_Work instruction_. Whenever a picture appears in the listing below, leave it out, and copy exactly the lines from the one containing "Самым большим преимуществом" through the end.

_Material for this exercise_.

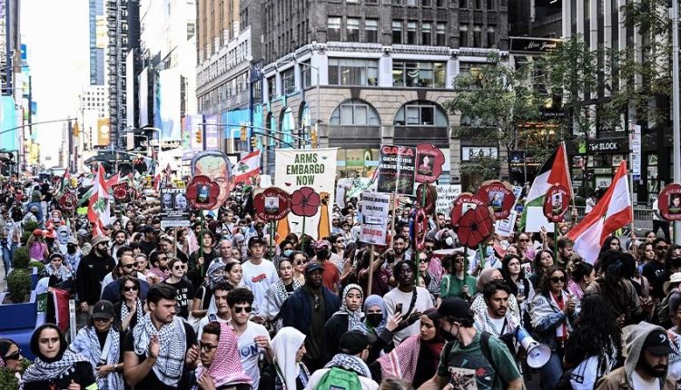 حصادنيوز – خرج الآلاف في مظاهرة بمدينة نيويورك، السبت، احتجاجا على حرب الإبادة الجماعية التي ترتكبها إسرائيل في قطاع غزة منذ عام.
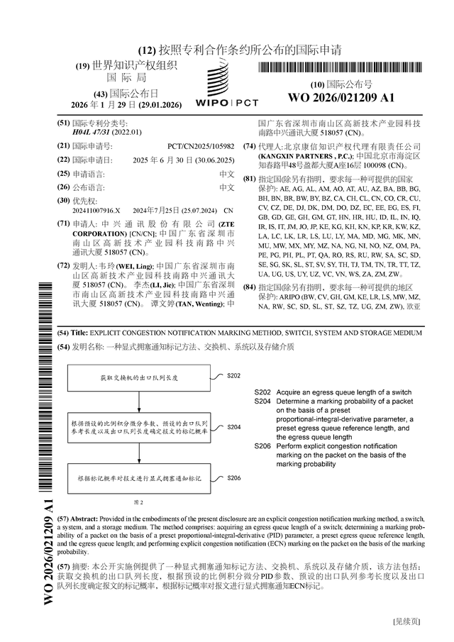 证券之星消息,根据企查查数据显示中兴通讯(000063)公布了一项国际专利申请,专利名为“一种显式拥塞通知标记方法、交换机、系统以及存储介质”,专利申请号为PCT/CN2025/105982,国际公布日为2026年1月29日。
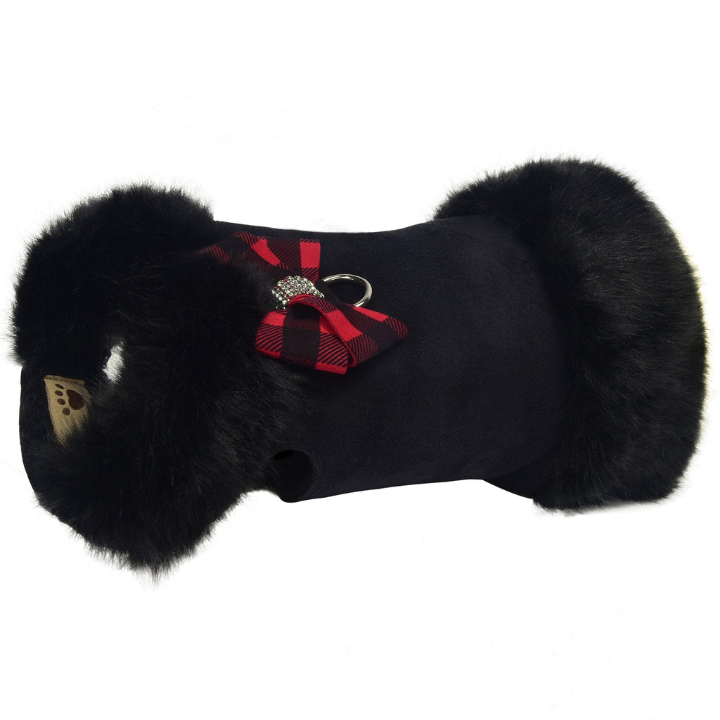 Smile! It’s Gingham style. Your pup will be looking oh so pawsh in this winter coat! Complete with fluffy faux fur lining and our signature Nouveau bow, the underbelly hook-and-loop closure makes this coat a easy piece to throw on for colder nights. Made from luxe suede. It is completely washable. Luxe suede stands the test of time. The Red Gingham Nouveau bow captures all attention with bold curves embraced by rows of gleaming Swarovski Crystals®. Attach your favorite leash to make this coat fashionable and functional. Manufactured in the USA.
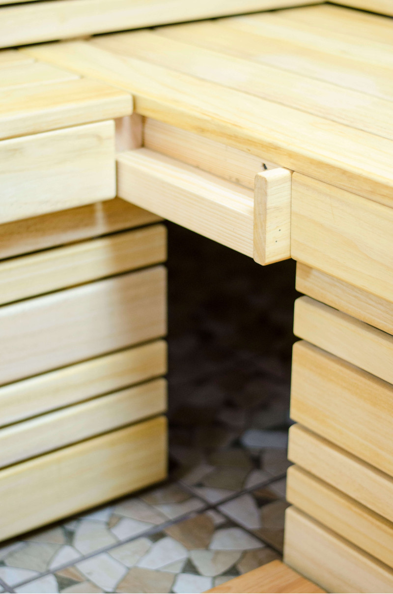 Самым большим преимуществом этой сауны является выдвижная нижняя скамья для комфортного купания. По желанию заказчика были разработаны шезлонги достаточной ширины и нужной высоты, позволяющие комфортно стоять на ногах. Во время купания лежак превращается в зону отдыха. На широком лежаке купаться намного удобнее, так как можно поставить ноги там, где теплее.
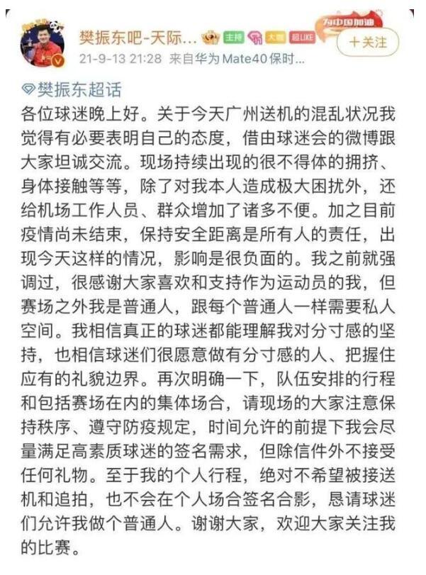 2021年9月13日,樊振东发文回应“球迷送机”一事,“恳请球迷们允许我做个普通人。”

_Reply_.
 Самым большим преимуществом этой сауны является выдвижная нижняя скамья для комфортного купания. По желанию заказчика были разработаны шезлонги достаточной ширины и нужной высоты, позволяющие комфортно стоять на ногах. Во время купания лежак превращается в зону отдыха. На широком лежаке купаться намного удобнее, так как можно поставить ноги там, где теплее.
 2021年9月13日,樊振东发文回应“球迷送机”一事,“恳请球迷们允许我做个普通人。”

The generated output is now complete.